From the wind-whipped north coast to the softer loch dotted south, Skye’s a fantastic option for a low-key eco-friendly holiday. Here’s why you should make a bee-line for the island this summer.
Go on an oyster safari
The Oyster Shed has been one of the island’s must-visits for years. Oysterman Paul McGlynn has built up a local sustainable business selling oysters for £1 at his BYOB laidback shack overlooking Loch Harport. This year he’ll be taking bookings for small group safaris (up to four) to his oyster beds and will talk through everything oyster. There’ll be oyster sampling done on the shore and maybe even a splash of bubbly.
Discover Dunvegan Castle
Skye’s nothing if not an ancient land, unspoilt by modern life. There have been people on Skye from 6,500 BC and its Viking heritage is still evident. In the Middle Ages two clans fought for dominance, the MacDonalds and the MacLeods. Dunvegan Castle has been the seat of the MacLeods for the last 800 years, and the current MacLeod generation are overseeing a real push to running the estate sustainably. It’s home to the island’s first wind farm and the estate also has an award-winning campsite at Glenbrittle.
Splash in the Fairy Pools
One of the island’s most popular (and most gentle) walks, the Fairy Pools near Carbost can be ticked off in just under an hour if you don’t stop to jump in (but where’s the fun in that?). The series of crystal clear pools stagger themselves down the lower reaches of the Black Cuilllins and the coloured rock and strange greens and blues of the water suggest a magical rather than mundane history. We’ll leave it up to you to conjure up the fairies.
Sample a Skye pale ale
Isle of Skye Brewing, based in Uig at the northern tip of the island, is Skye’s award winning craft brewery – their IPAs and other ales are in almost every pub on the island. Skye has a long history brewing ales and the brewery revel in the island’s natural ingredients – which are handpicked to create bespoke brews. They even mill their own grains.
Indulge at Kinloch Lodge
For a remote island Skye punches way above its weight when it comes to fine dining and luxury hotels. Michelin starred Kinloch Lodge sits on a quiet loch and is backed by moody pine forests, in the sparse south west of the island. The modest white gabled house hides a cosy sitting room with roaring fire, wellies line the lobby and the MacDonald family treat every guest like a long lost friend. The restaurant’s tasting menus are a smorgasbord of what the Scottish highlands has to offer, with local shellfish and venison as stand out stars. New for this year is a series of self guided foodie tours. Pick a direction to head in, the hotel has worked out four half-day looped drives and exclusive experiences with some of the most knowledgeable foodies on the island.
Have a salty affair
We don’t mean of the ‘oooh matron’ kind. The Isle of Skye Sea Salt company has brought back an industry that hasn’t been seen on Skye since the 1700s. It’s committed to producing salt sustainably and uses a solar evaporation method which won it a Scotland Food and Drink Excellence Award in 2015. Aside from being able to buy it in almost every deli on the island, if you head out on a self-guided foodie tour through Kinloch Lodge, you’ll be able to meet the producers and be shown how it’s made.
Hike the Quiraing
It looks and sounds like something out of Game of Thrones. The northern section of this dramatic island is called the Quiraing. Essentially it’s a huge landslide, Jurassic in size and age and the two kilometre slip is still moving. It’s one of the most iconic hikes on the island and a 7km circuit takes in the lower and higher slopes which rise up to just over 500m above the thrashing Atlantic. You’ll go past the Needle, the Prison and the Table – ancient rock formations where myths swirl between them like the fog trails every morning.

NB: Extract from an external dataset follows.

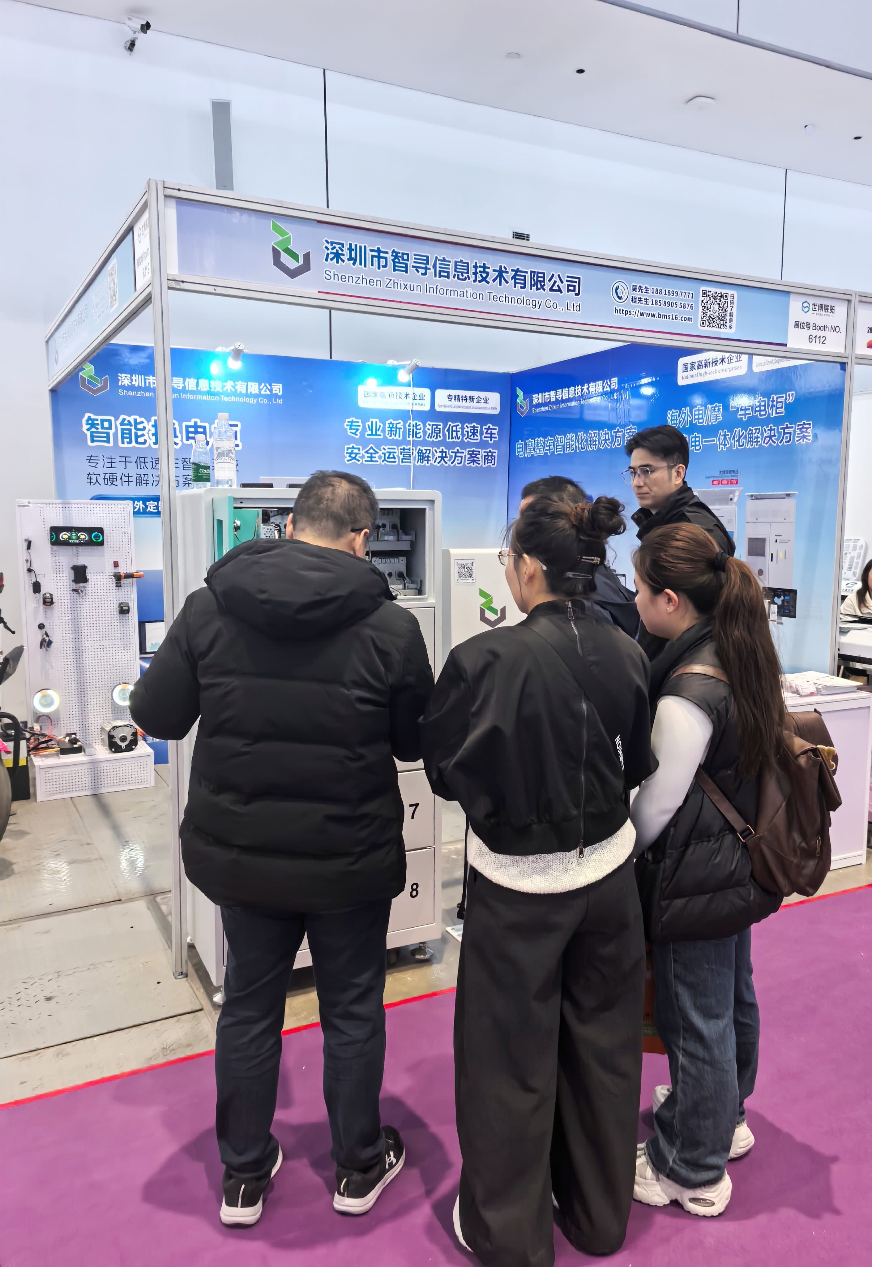 信息紧扣展会主题,聚焦低速车安全运营与智能化落地核心痛点,重点展出智能中控系统、北斗GPS双模定位、智能充换电柜及管理平台四大核心产品,通过现场驻场演示、实机操作体验等形式,让每一位莅临展位的观众直观感受产品的创新优势与实用价值,赢得了行业同仁的广泛关注与高度认可。

It would be a damn shame to leave Skye without a meal at Scorrybreac. This tiny restaurant sits on the harbour in Skye’s main town Portree and serves up a daily changing menu of Skye’s meat, fish and shellfish. There’s a French influence on this cosy fine dining room but you’ll find none of that old world pretension. Think savoury creme brulees, fish so fresh it’s almost flapping and Skye whiskey-infused chocolate delights. Island living never tasted so good.
Take afternoon tea on a working farm
Waternish Farm on the west side of the island is open to visitors who want to learn about conservation under way on the island. Farm owner Lucy Montgomery holds daily walks, talks and tea in the afternoon and fills guests in on tree planting, shoreline management and how she and her husband operate the small sustainably minded farm. In the winter the walks are ditched for a roaring fire but in summer, her peaceful farm is everything an island smallholding should be.